══ RECORDS FOR THIS EXERCISE

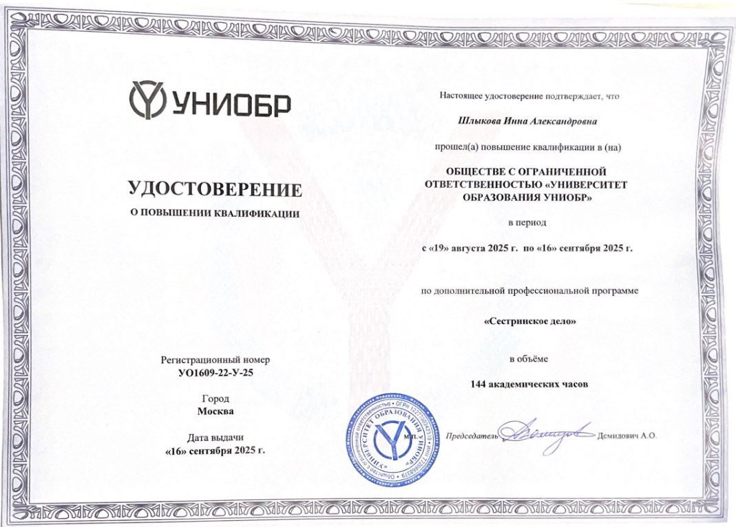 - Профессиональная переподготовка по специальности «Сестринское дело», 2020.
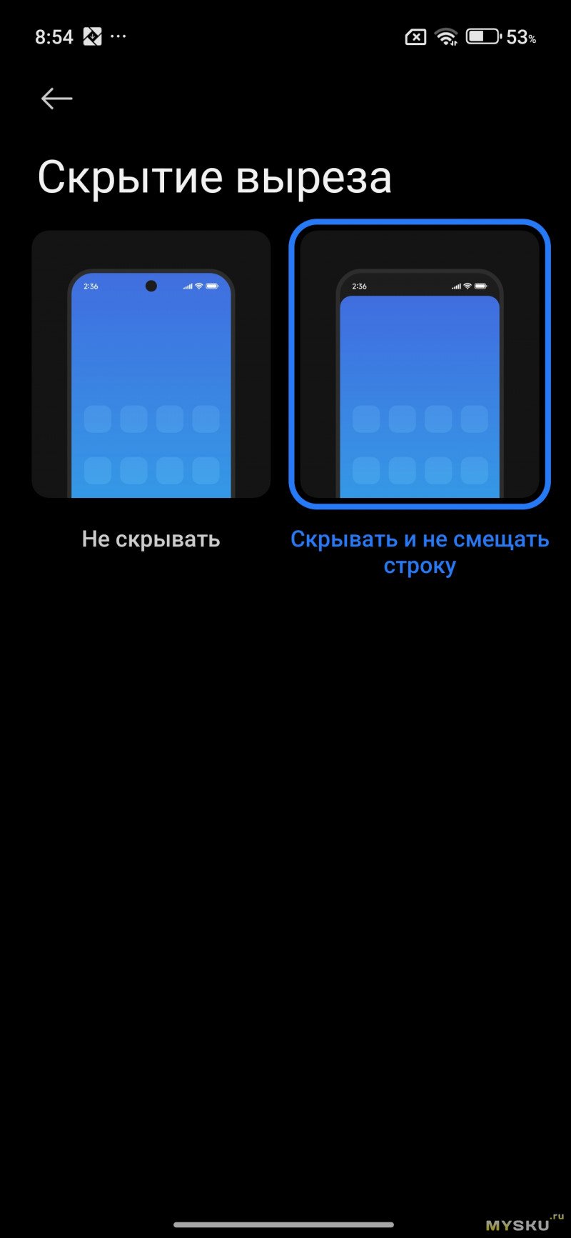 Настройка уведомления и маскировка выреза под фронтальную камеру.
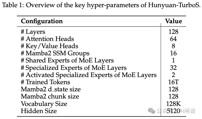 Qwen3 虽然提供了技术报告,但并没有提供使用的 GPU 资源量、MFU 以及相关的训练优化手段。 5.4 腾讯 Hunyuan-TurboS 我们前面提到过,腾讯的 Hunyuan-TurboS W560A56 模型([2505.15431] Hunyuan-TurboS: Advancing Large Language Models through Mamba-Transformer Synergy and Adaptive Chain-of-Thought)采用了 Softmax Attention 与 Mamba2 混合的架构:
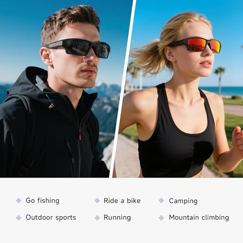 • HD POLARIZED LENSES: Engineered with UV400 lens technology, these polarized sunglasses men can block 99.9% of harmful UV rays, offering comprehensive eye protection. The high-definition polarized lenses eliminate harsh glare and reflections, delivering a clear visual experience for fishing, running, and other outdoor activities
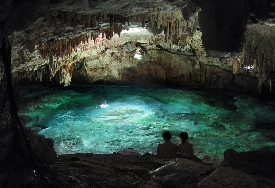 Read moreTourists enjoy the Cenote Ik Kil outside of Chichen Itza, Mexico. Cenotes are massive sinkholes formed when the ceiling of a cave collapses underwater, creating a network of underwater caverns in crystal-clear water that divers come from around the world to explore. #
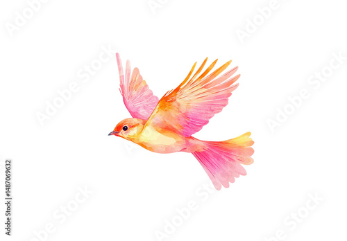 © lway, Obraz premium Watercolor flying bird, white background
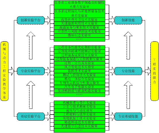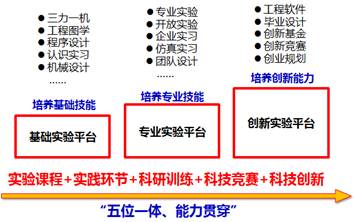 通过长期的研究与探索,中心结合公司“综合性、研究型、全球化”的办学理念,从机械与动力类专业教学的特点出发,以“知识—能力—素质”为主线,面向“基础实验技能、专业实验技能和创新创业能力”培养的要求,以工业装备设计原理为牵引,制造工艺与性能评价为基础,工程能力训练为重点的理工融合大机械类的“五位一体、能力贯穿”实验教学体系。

════

» **ASSIGNED TASK**:
With the pictures left out, copy exactly the lines from the line holding "bird, white background" through the final line of the records, including both.

» **RESPONSE TO THIS EXERCISE**:
 © lway, Obraz premium Watercolor flying bird, white background
 通过长期的研究与探索,中心结合公司“综合性、研究型、全球化”的办学理念,从机械与动力类专业教学的特点出发,以“知识—能力—素质”为主线,面向“基础实验技能、专业实验技能和创新创业能力”培养的要求,以工业装备设计原理为牵引,制造工艺与性能评价为基础,工程能力训练为重点的理工融合大机械类的“五位一体、能力贯穿”实验教学体系。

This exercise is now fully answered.